### Input
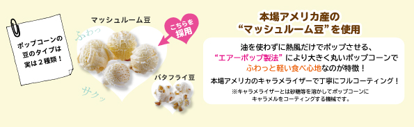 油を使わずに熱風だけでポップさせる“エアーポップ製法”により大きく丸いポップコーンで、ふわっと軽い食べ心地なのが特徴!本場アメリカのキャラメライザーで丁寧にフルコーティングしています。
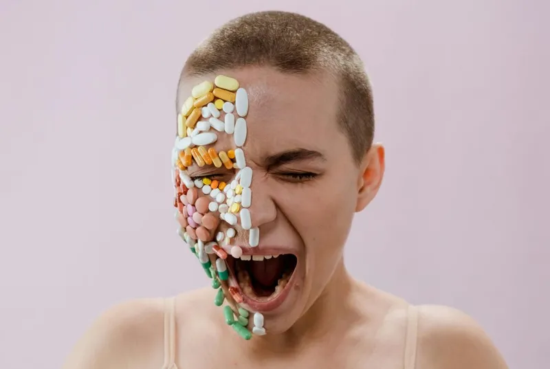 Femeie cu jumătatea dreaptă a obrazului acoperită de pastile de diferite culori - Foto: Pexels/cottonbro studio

...

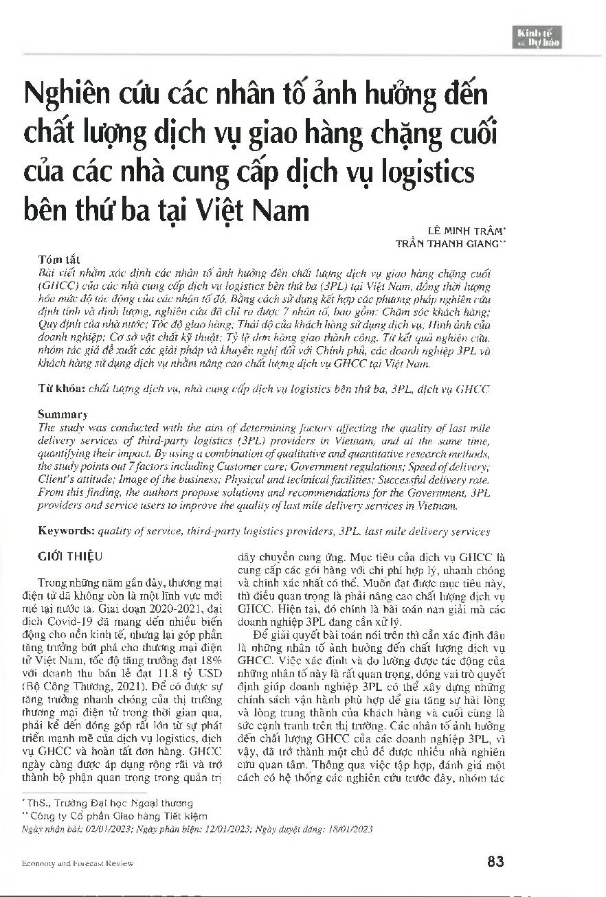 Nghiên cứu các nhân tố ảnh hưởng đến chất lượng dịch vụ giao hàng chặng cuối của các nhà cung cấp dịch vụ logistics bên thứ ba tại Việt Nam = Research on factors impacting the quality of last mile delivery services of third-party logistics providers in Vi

--

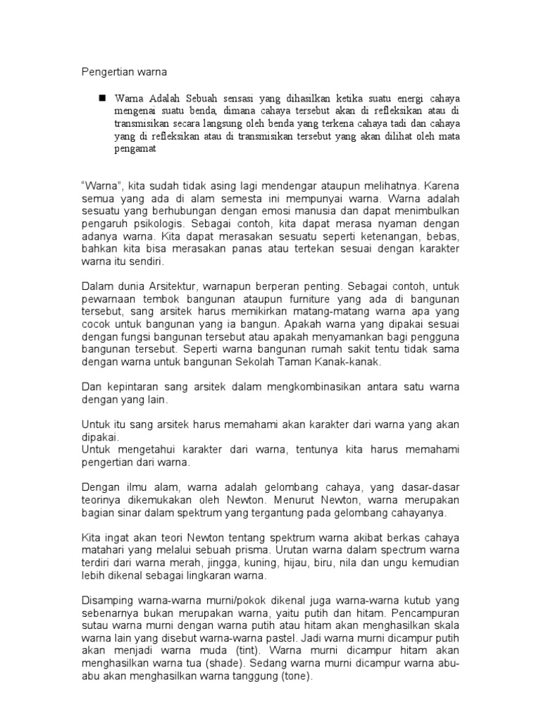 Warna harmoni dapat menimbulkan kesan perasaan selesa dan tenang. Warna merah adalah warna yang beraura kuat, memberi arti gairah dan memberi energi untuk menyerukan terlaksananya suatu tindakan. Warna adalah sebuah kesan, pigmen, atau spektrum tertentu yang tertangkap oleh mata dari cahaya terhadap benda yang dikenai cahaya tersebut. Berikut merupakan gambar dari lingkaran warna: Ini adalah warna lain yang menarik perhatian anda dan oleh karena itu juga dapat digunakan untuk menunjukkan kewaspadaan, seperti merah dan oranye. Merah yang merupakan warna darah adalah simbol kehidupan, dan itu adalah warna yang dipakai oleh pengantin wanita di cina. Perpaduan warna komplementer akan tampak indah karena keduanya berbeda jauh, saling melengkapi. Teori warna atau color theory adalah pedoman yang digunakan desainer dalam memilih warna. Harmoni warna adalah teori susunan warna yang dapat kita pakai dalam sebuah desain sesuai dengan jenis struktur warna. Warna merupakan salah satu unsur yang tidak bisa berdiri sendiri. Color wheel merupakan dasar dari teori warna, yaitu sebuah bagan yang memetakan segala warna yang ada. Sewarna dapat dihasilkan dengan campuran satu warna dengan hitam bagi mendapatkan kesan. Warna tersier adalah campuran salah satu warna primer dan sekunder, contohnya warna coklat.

### Work instructions
Transcribe, word for word, the stretch of lines in the data above from the one with "油を使わずに熱風だけでポップ" through the one with "Femeie cu jumătatea"; omit all pictures.

### Answer space
 油を使わずに熱風だけでポップさせる“エアーポップ製法”により大きく丸いポップコーンで、ふわっと軽い食べ心地なのが特徴!本場アメリカのキャラメライザーで丁寧にフルコーティングしています。
 Femeie cu jumătatea dreaptă a obrazului acoperită de pastile de diferite culori - Foto: Pexels/cottonbro studio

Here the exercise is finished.